INSTRUCTIONS TO FOLLOW:
Begin at the line containing "is, de ander" in the records below, end at the line containing "Mercredi, il a", and retype each line in that span exactly. No other line and no image should appear.

EXTRACTED MATERIAL:
== == ==

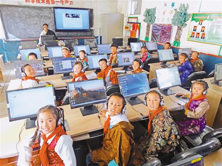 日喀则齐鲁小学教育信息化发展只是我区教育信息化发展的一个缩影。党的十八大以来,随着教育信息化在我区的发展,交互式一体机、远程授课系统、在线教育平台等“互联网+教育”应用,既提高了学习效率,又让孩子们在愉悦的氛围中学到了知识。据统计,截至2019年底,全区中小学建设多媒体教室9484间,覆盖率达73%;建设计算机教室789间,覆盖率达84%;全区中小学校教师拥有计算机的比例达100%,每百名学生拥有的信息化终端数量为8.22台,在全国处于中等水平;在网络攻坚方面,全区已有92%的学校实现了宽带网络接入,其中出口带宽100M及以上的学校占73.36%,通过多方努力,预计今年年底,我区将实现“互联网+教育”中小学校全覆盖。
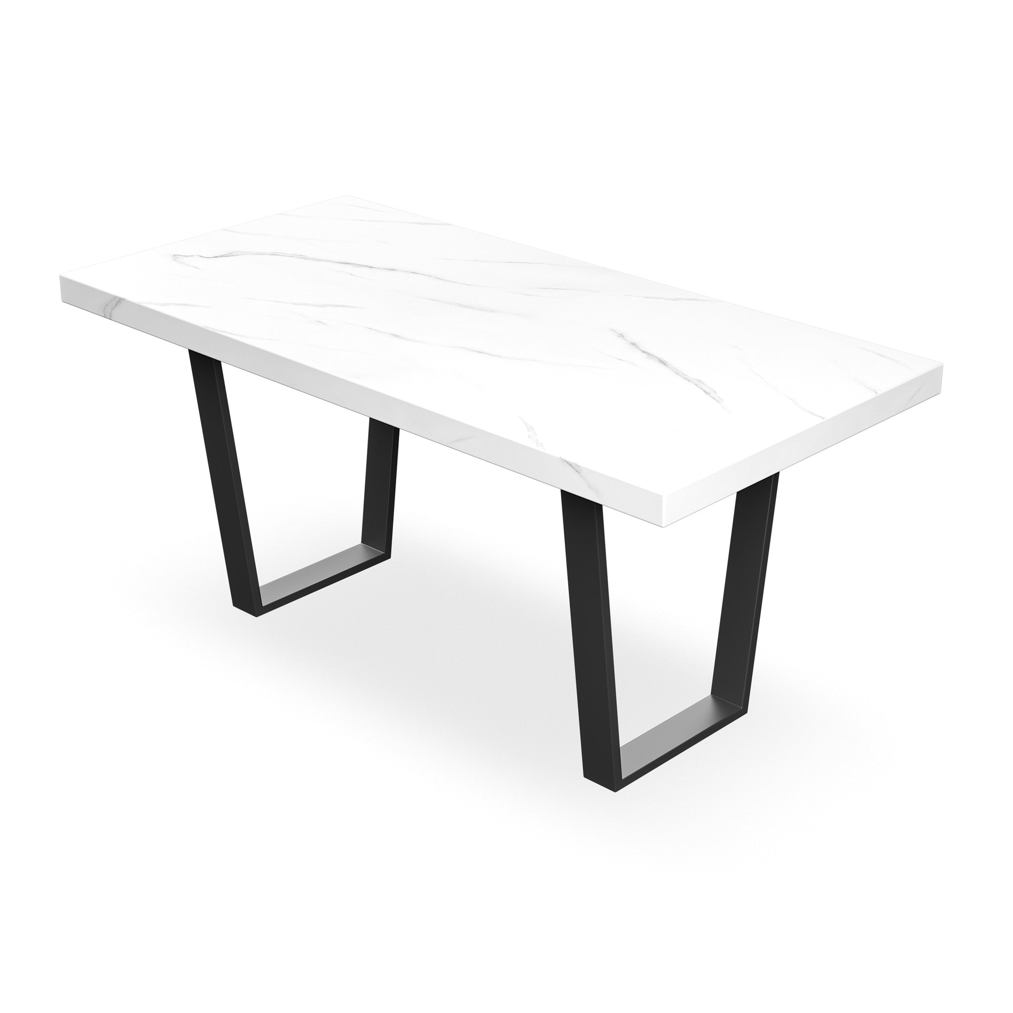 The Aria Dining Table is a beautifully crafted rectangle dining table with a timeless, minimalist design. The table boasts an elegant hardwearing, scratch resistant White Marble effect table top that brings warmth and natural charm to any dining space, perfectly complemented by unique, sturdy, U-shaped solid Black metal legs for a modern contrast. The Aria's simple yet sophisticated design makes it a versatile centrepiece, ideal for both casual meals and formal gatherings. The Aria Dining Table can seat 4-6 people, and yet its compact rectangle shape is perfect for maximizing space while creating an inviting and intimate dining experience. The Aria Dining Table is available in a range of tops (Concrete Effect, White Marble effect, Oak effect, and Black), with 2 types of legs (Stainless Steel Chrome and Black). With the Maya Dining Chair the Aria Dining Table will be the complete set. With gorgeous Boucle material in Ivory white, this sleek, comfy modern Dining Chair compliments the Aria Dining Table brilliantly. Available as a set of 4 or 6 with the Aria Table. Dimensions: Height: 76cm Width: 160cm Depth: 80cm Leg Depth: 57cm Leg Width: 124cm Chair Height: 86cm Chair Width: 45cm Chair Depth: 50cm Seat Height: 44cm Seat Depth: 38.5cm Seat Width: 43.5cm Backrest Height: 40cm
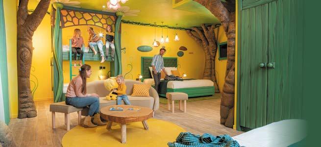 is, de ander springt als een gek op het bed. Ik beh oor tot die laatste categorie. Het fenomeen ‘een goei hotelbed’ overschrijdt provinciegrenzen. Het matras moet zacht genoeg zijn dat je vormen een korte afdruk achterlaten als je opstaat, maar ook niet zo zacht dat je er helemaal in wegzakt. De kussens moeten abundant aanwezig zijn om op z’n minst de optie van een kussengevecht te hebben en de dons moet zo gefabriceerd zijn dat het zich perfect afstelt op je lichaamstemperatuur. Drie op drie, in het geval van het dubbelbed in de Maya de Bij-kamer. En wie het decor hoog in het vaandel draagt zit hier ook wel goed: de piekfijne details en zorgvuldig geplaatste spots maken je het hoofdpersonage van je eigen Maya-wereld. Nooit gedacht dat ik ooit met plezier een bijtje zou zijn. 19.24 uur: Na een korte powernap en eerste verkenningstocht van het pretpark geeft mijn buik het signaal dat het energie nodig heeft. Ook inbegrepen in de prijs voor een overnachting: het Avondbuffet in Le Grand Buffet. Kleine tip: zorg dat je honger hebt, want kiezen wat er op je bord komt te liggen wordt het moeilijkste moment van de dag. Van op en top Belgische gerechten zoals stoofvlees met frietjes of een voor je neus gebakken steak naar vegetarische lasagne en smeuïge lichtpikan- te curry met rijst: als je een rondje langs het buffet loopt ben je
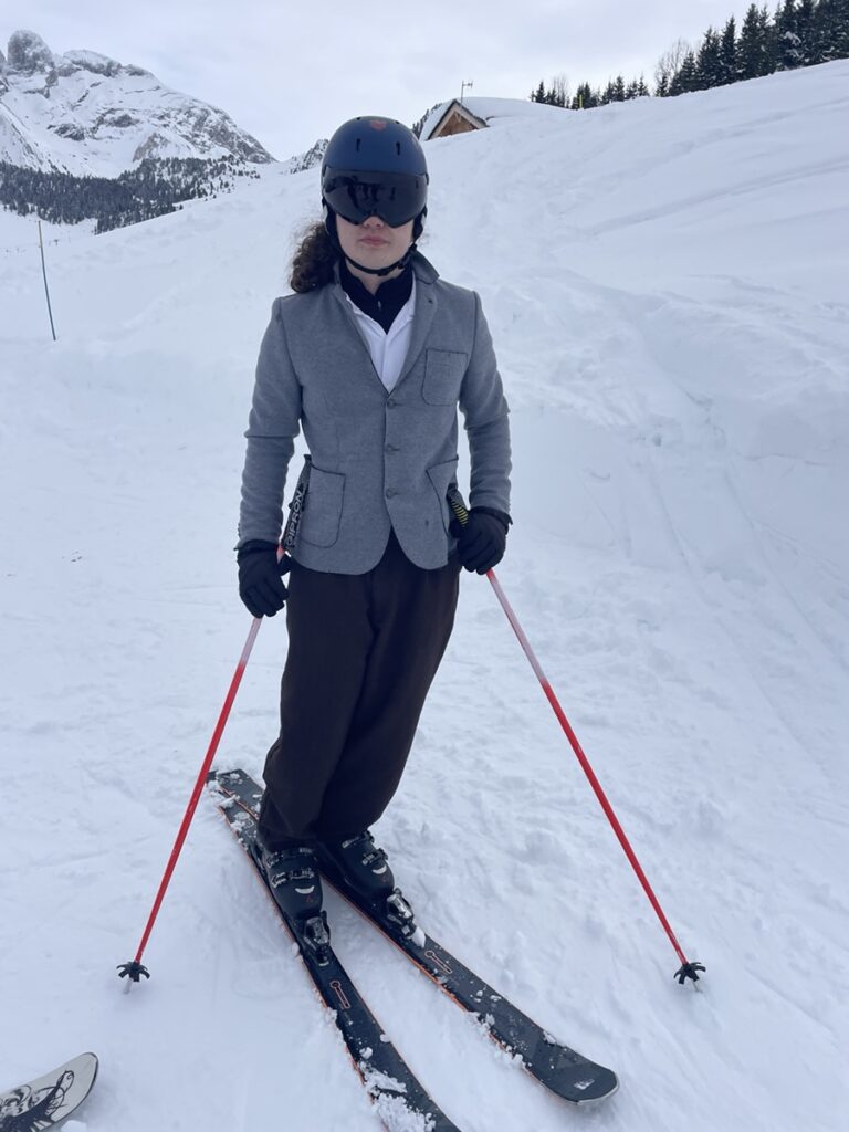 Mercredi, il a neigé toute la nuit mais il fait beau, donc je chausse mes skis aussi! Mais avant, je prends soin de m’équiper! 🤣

== == ==

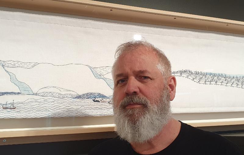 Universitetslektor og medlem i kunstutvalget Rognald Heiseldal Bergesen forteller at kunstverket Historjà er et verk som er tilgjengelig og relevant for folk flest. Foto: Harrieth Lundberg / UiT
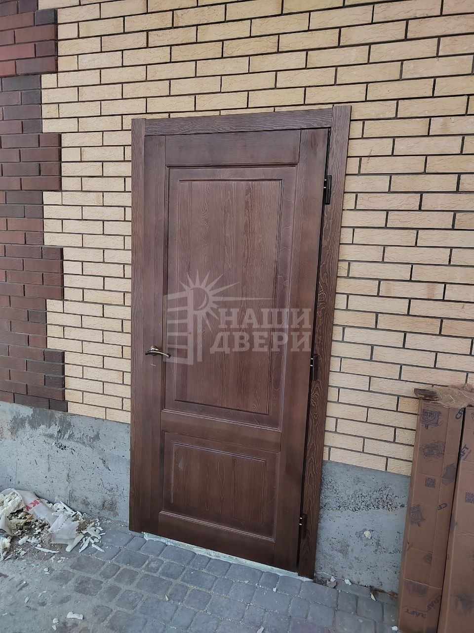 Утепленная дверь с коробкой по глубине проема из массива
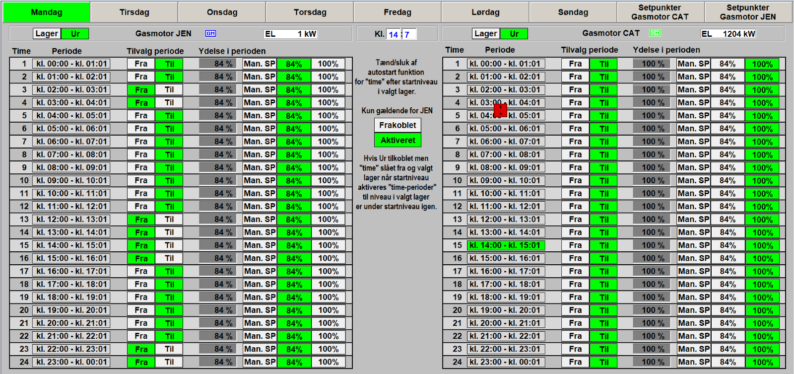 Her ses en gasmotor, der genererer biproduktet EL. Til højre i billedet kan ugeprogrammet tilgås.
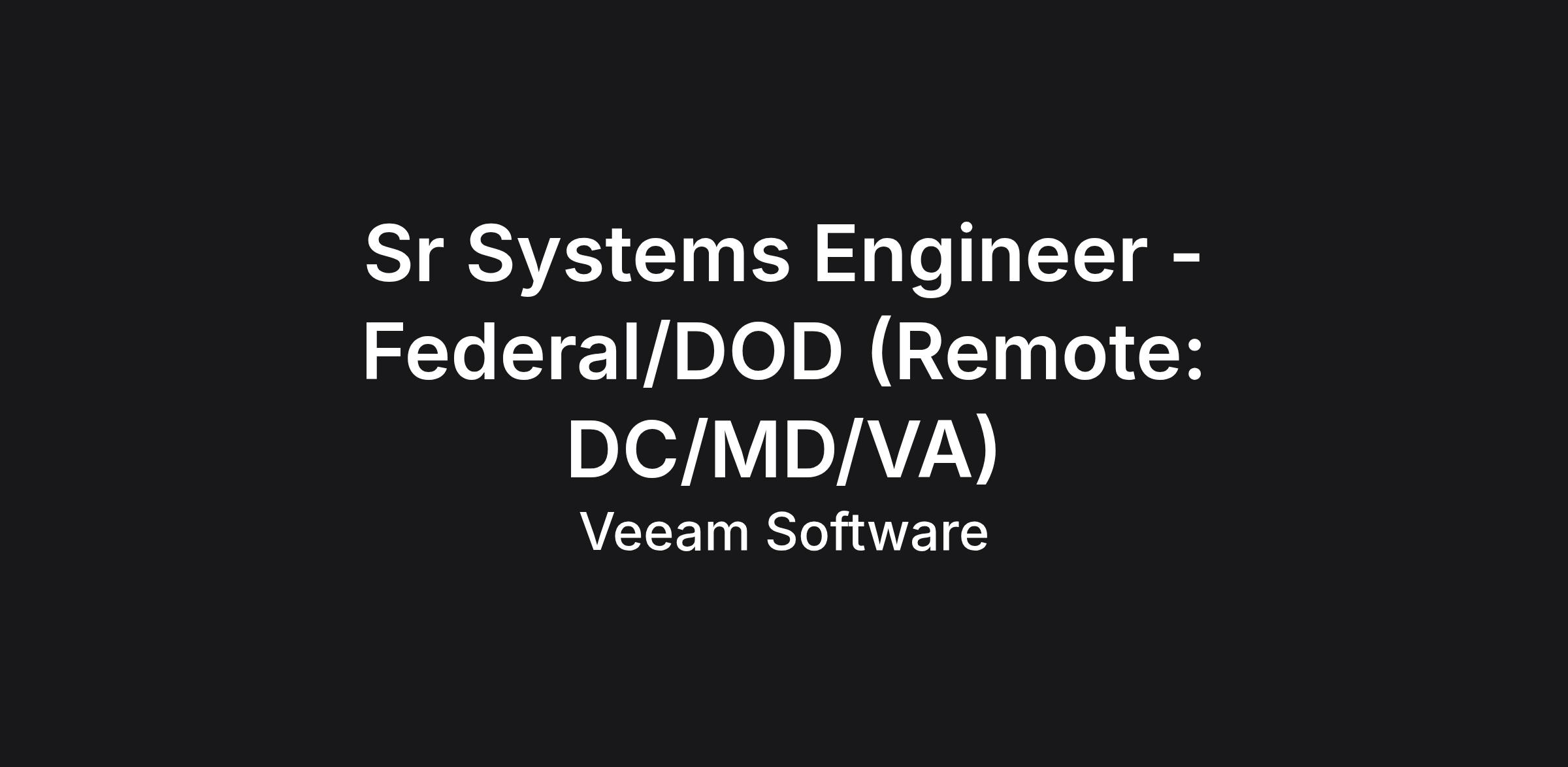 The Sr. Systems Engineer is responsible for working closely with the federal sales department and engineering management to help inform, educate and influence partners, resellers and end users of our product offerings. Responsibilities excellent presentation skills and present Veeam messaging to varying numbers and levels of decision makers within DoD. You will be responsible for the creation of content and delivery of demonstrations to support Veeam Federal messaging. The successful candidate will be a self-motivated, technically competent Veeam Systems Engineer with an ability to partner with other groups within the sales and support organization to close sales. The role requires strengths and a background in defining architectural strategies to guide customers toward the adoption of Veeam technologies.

== == ==

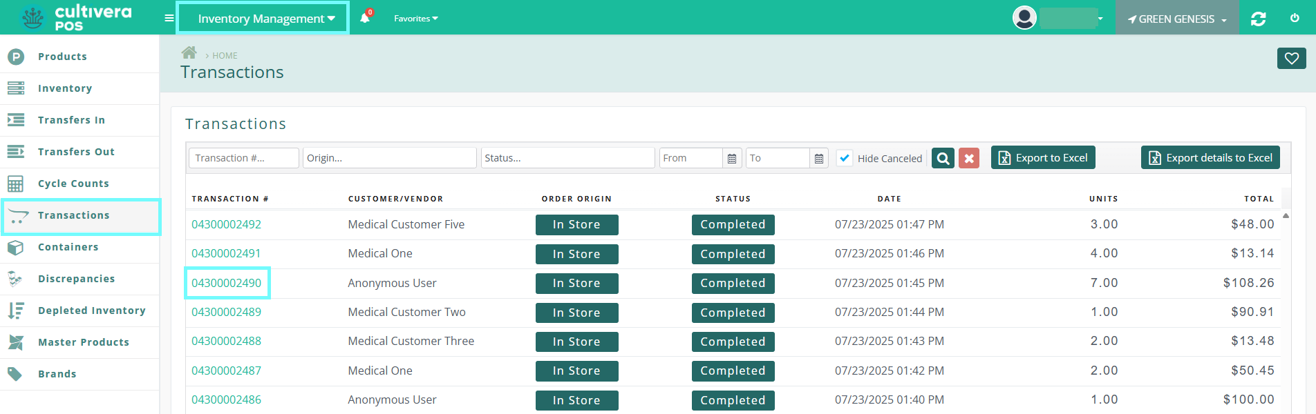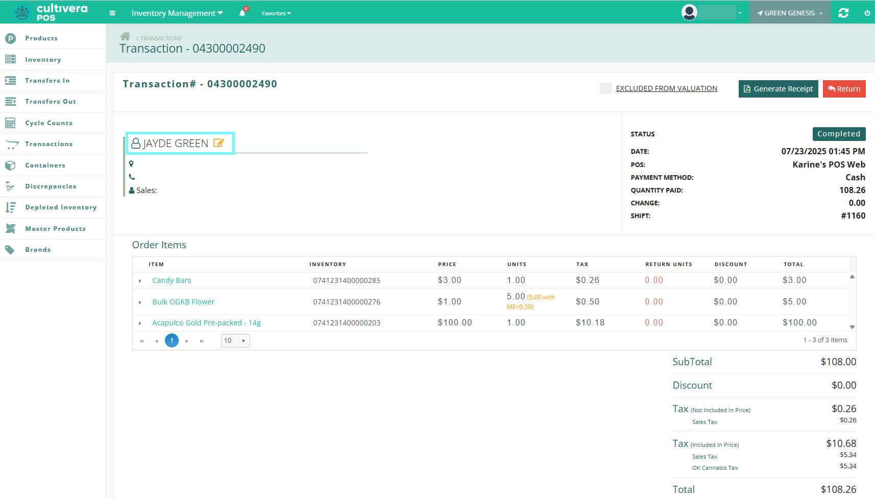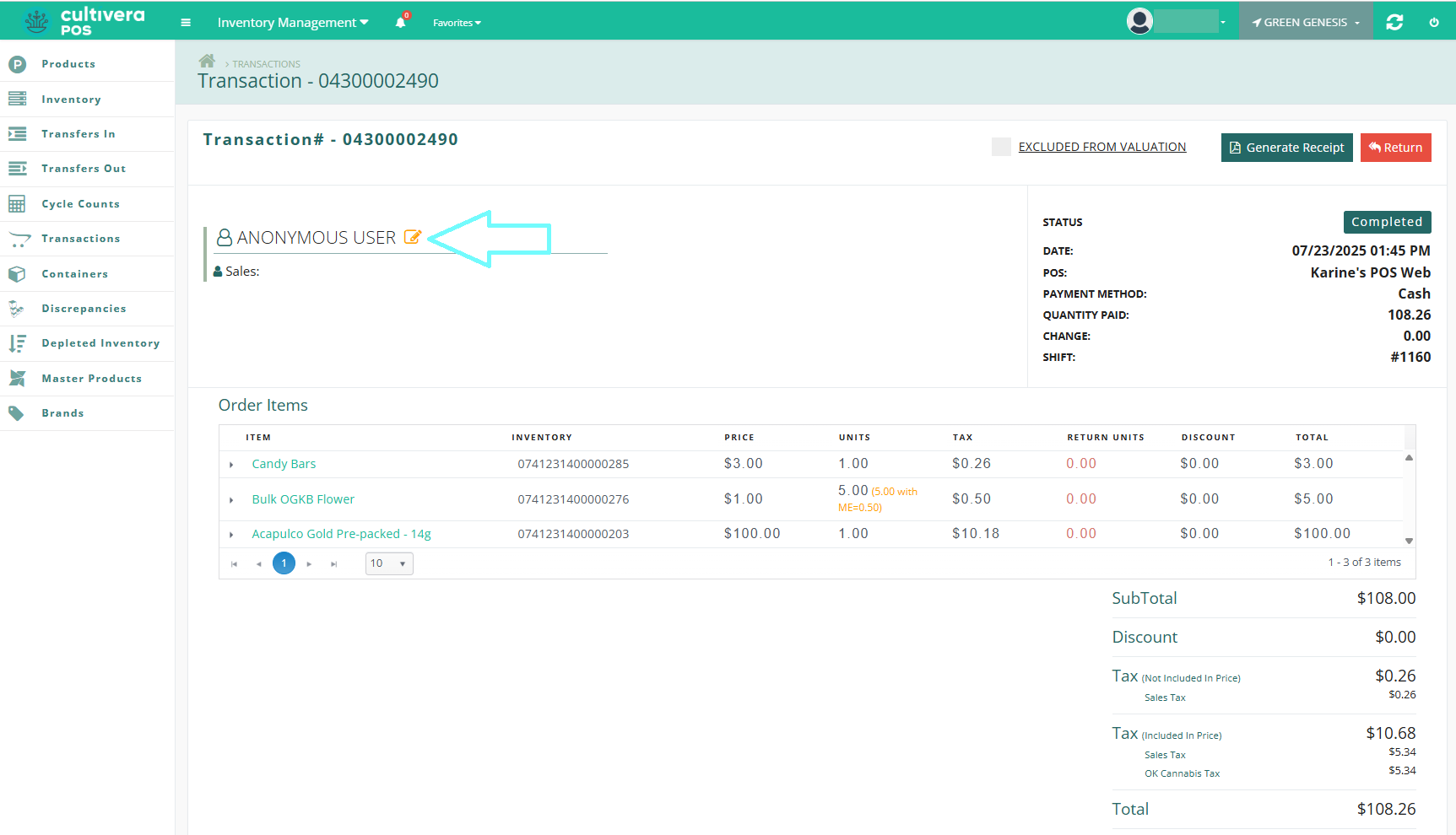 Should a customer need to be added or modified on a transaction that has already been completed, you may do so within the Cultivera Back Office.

== == ==

REPLY:
 is, de ander springt als een gek op het bed. Ik beh oor tot die laatste categorie. Het fenomeen ‘een goei hotelbed’ overschrijdt provinciegrenzen. Het matras moet zacht genoeg zijn dat je vormen een korte afdruk achterlaten als je opstaat, maar ook niet zo zacht dat je er helemaal in wegzakt. De kussens moeten abundant aanwezig zijn om op z’n minst de optie van een kussengevecht te hebben en de dons moet zo gefabriceerd zijn dat het zich perfect afstelt op je lichaamstemperatuur. Drie op drie, in het geval van het dubbelbed in de Maya de Bij-kamer. En wie het decor hoog in het vaandel draagt zit hier ook wel goed: de piekfijne details en zorgvuldig geplaatste spots maken je het hoofdpersonage van je eigen Maya-wereld. Nooit gedacht dat ik ooit met plezier een bijtje zou zijn. 19.24 uur: Na een korte powernap en eerste verkenningstocht van het pretpark geeft mijn buik het signaal dat het energie nodig heeft. Ook inbegrepen in de prijs voor een overnachting: het Avondbuffet in Le Grand Buffet. Kleine tip: zorg dat je honger hebt, want kiezen wat er op je bord komt te liggen wordt het moeilijkste moment van de dag. Van op en top Belgische gerechten zoals stoofvlees met frietjes of een voor je neus gebakken steak naar vegetarische lasagne en smeuïge lichtpikan- te curry met rijst: als je een rondje langs het buffet loopt ben je
 Mercredi, il a neigé toute la nuit mais il fait beau, donc je chausse mes skis aussi! Mais avant, je prends soin de m’équiper! 🤣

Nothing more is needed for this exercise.